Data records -
=-=-=

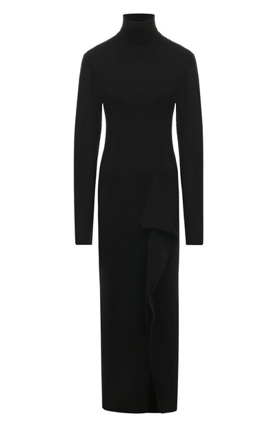 Облегающее миди-платье с высоким воротом и длинными рукавами связали из шерстяной пряжи с добавлением кашемира и эластана. Высокий боковой разрез на подоле подчеркнули широкой драпировкой.
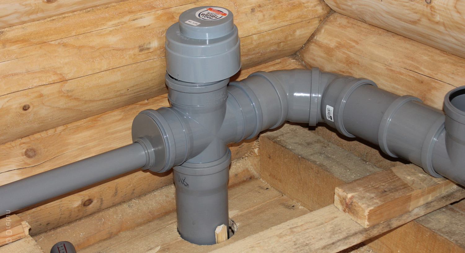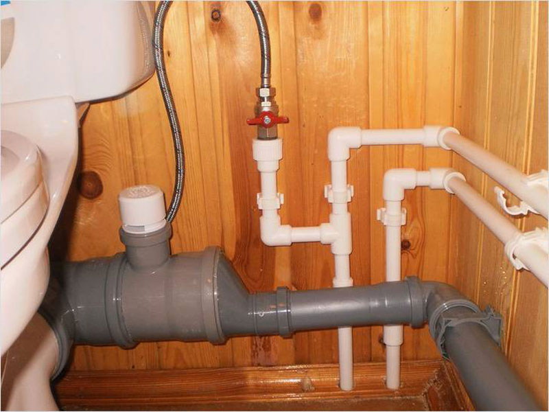 Vous devez installer un système d'égout domestique de l'intérieur. Dans toutes les pièces équipées de plomberie (cuisine, salle de bain, piscine, sauna), des canalisations sont installées vers la contremarche. Le câblage est réalisé à partir de tubes d'un diamètre de 50 mm. Un tuyau d'une section de 110 mm est connecté aux toilettes.
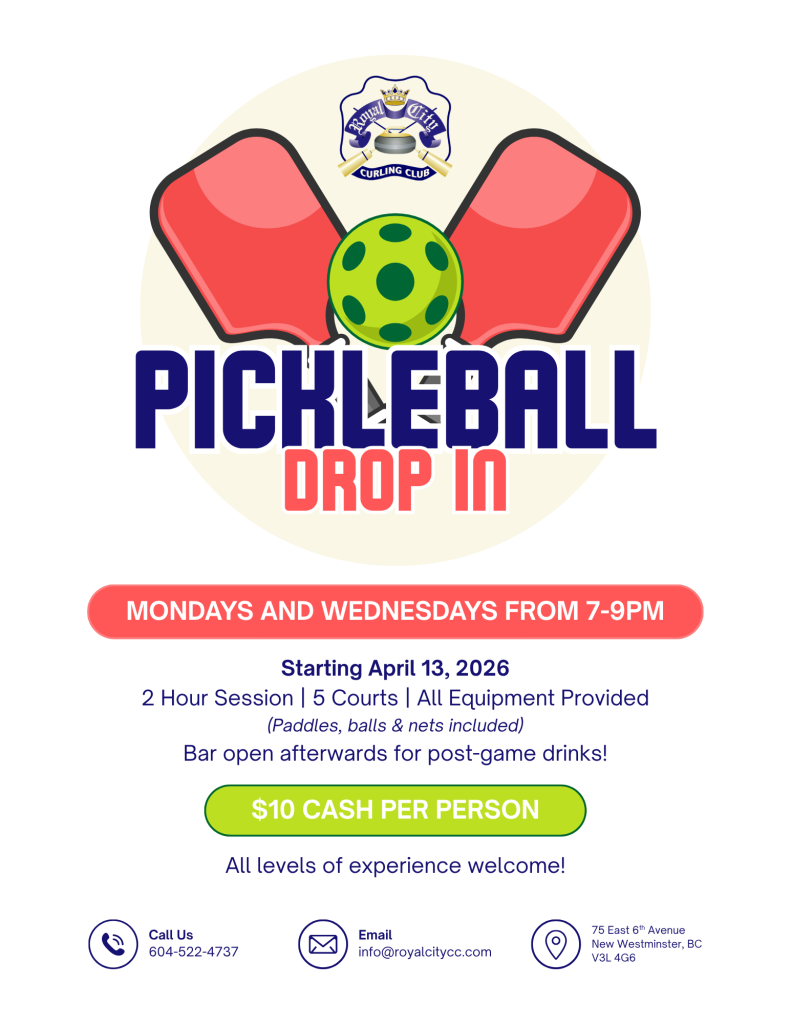 The Royal City Curling Club offers top-tier curling ice, video analysis, a fully stocked Pro Shop, and great food and drinks in our bistro and lounge. In the summer, we switch things up with 5 pickleball courts plus events like Burger & Beer Nights, Bingo, and more.
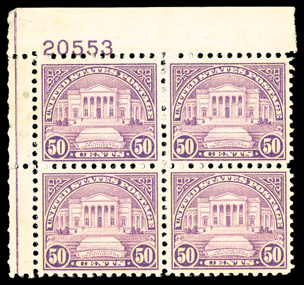 9186 nhbl 701 image1931, 50¢ Arlington Amphitheater, rotary press printing (Scott 701), top left plate block of 4 with plate number 20553, Clean, lively color throughout, o.g., never hinged; light wrinkles in top selvage and top left stamp, Very Fine.
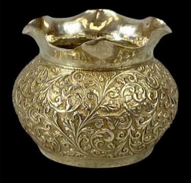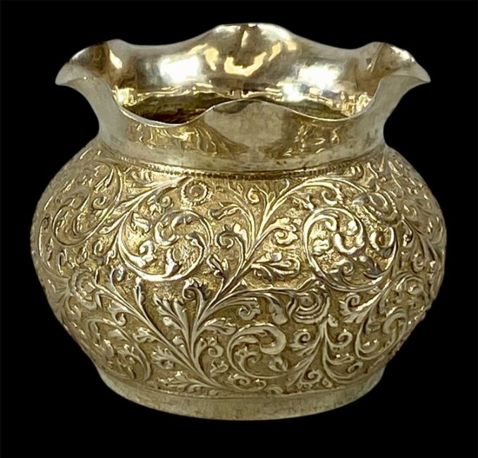 EASTERN WHITE METAL CIRCULAR POT / KALASH, with crimped border, body repoussé decoration of scrolls and leaves, 8 (h) x 9cms (diam.), 113gProvenance: private collection Ynys Môn

=-=-=

What you need to do - Please retype the lines from the one that contains "The Royal City" to the final line of the records, both included, exactly as written and without any pictures.

Solution for this problem -
 The Royal City Curling Club offers top-tier curling ice, video analysis, a fully stocked Pro Shop, and great food and drinks in our bistro and lounge. In the summer, we switch things up with 5 pickleball courts plus events like Burger & Beer Nights, Bingo, and more.
 9186 nhbl 701 image1931, 50¢ Arlington Amphitheater, rotary press printing (Scott 701), top left plate block of 4 with plate number 20553, Clean, lively color throughout, o.g., never hinged; light wrinkles in top selvage and top left stamp, Very Fine.
 EASTERN WHITE METAL CIRCULAR POT / KALASH, with crimped border, body repoussé decoration of scrolls and leaves, 8 (h) x 9cms (diam.), 113gProvenance: private collection Ynys Môn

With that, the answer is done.